After M. de Kercadiou came M. de Vilmorin, very pale and
self-contained, with tight lips and an overcast brow.

To meet them, there stepped from the carriage a very elegant young
gentleman, the Chevalier de Chabrillane, M. de La Tour d'Azyr's
cousin, who whilst awaiting his return had watched with considerable
interest - his own presence unsuspected - the perambulations of
Andre-Louis and mademoiselle.

Perceiving Aline, M. de La Tour d'Azyr detached himself from the
others, and lengthening his stride came straight across the terrace
to her.

To Andre-Louis the Marquis inclined his head with that mixture of
courtliness and condescension which he used.
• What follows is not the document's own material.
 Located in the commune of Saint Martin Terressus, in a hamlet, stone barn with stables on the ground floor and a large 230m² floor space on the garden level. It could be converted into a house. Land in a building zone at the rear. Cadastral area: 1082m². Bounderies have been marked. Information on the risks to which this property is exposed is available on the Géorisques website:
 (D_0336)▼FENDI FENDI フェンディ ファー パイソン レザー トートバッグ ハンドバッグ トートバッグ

Socially, the young
lawyer stood in a curious position. By virtue of the theory of his
birth, he ranked neither as noble nor as simple, but stood somewhere
between the two classes, and whilst claimed by neither he was used
familiarly by both. Coldly now he returned M. de La Tour d'Azyr's
greeting, and discreetly removed himself to go and join his friend.
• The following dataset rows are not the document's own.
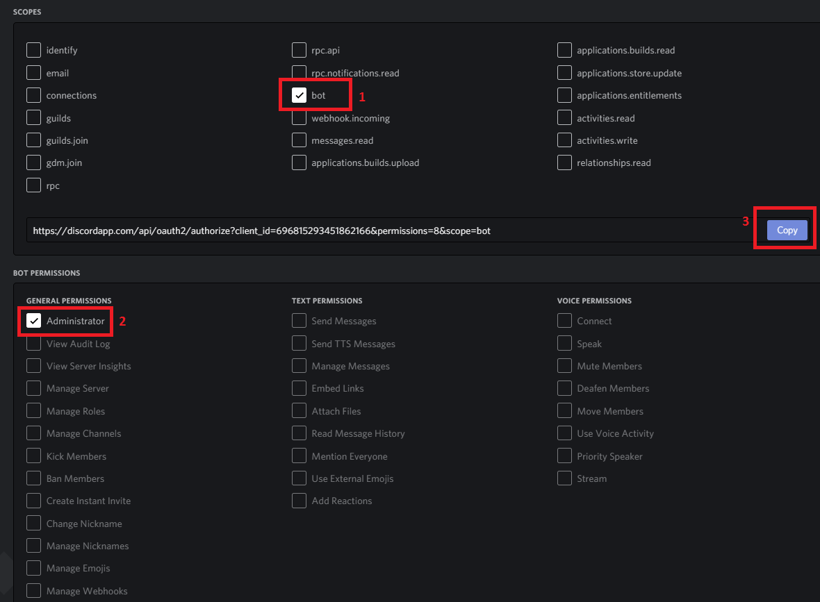 Приветствую всех, кто также как и я хочет попробовать написать бота для сервера в Discord'е! Я покажу как писать несколько базовых команд, таких как: бан, кик, разбан (ну или как там это на русском), очистка чата и мы заменим стандартный встроенный help на свой (также это будет практика работы с embed'ами). Весь код, который будет в этой статье - в конце. Начнём с установки python. Делается это на официальном сайте. Качаем последнюю версию. После установки python'а скачаем и установим редактор кода. Их существует огромное множество, но я использую Visual Studio Code. Создадим самого бота. Для этого переходим по ссылке и регистрируем бота: нажимаем кнопку New Application, даём боту имя и нажимаем Create. В левом столбце видим вкладку Bot - переходим к ней. Нажимаем кнопку Add Bot => Yes, do it! В том же левом столбце переходим во вкладку Oauth2, выставляем настройки, копируем ссылку и переходим по ней: После перехода по ссылке видим окно с выбором сервера. Добавляем бота на сервер, где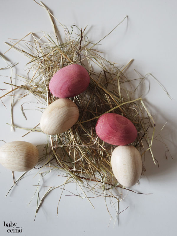 Für unser Osternest haben wir Holzeier aus dem Bastelladen gekauft, zwei davon hab ich mit Rote-Bete-Saft gefärbt. Nach dem Osterfest kann Vincent die Eier dann noch prima in seiner Spielküche bzw. im Kaufmannsladen nutzen!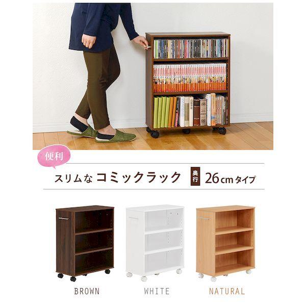 【商品説明】●狭い隙間に大容量の文庫本をストックできます。横幅26cm●商品サイズ(外寸)(約)幅55×奥行26×高さ68cm●内寸及び補足説明:●組立式●キャスター付●成分材質:主材:MDFプリント化粧板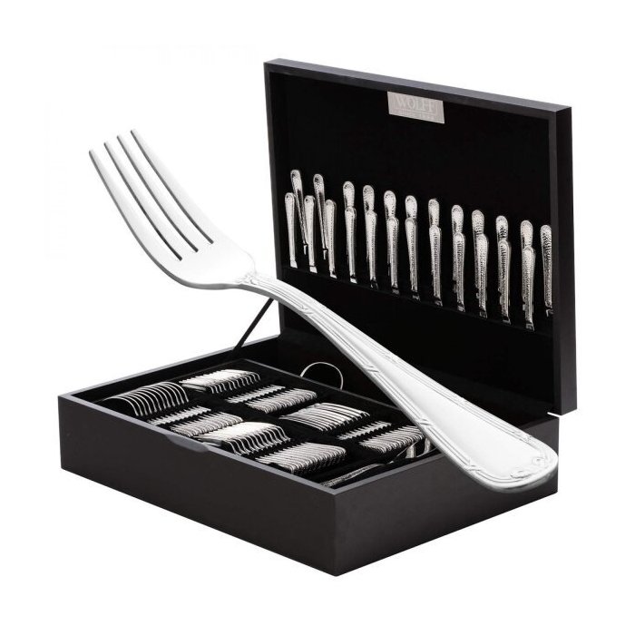 Faqueiro 130 Peças de Prata com Estojo de Madeira Croisé Wolff Rojemac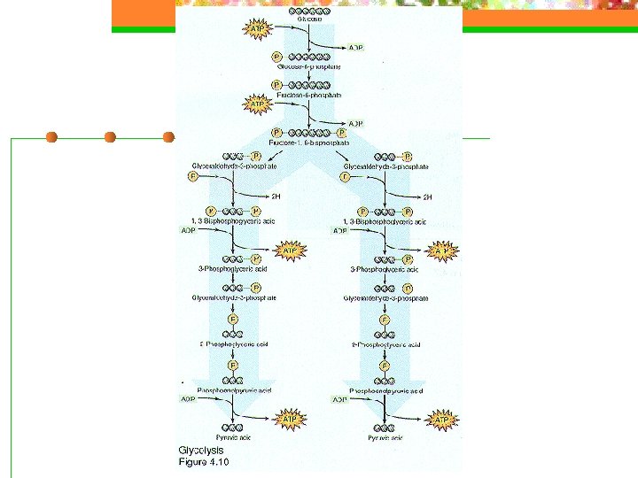 Glycolysis The process of Glycolysis results in 4 molecules of ATP being produced from 4 molecules of ADP. n But because two molecule of ATP are used to start glycolysis and we end up to 4, there is a net gain of 2 molecules of ATP. n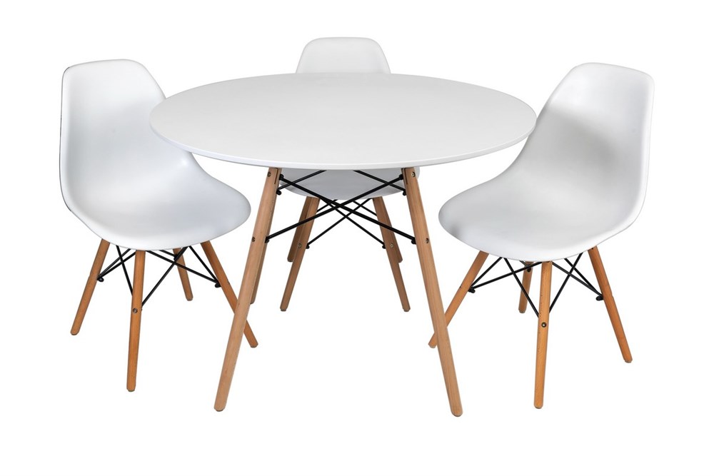 Габариты стола (ДхВ) : 1000х720 мм\; Габариты стула (ШхГхВ) : 460х540х820 мм\; Высота от пола до сиденья стула : 430 мм\; Материал столешницы : мдф белый\; Материал сиденья стула : пластик\; Материал ножек стола и стула : массив бука, сталь\; Цвет сиденья стула : коричневый, зеленый, светло-зеленый, бежево-серый, темно-серый, оранжевый, голубой, бирюзовый, желтый, красный, розовый\; Нагрузка стула : 120 кг\;

The Marquis took the hand that mademoiselle extended to him, and
bowing over it, bore it to his lips.

"Mademoiselle," he said, looking into the blue depths of her eyes,
that met his gaze smiling and untroubled, "monsieur your uncle does
me the honour to permit that I pay my homage to you. Will you,
mademoiselle, do me the honour to receive me when I come to-morrow?
I shall have something of great importance for your ear."

"Of importance, M. le Marquis? You almost frighten me." But there
was no fear on the serene little face in its furred hood. It was
not for nothing that she had graduated in the Versailles school of
artificialities.

"That," said he, "is very far from my design."

"But of importance to yourself, monsieur, or to me?"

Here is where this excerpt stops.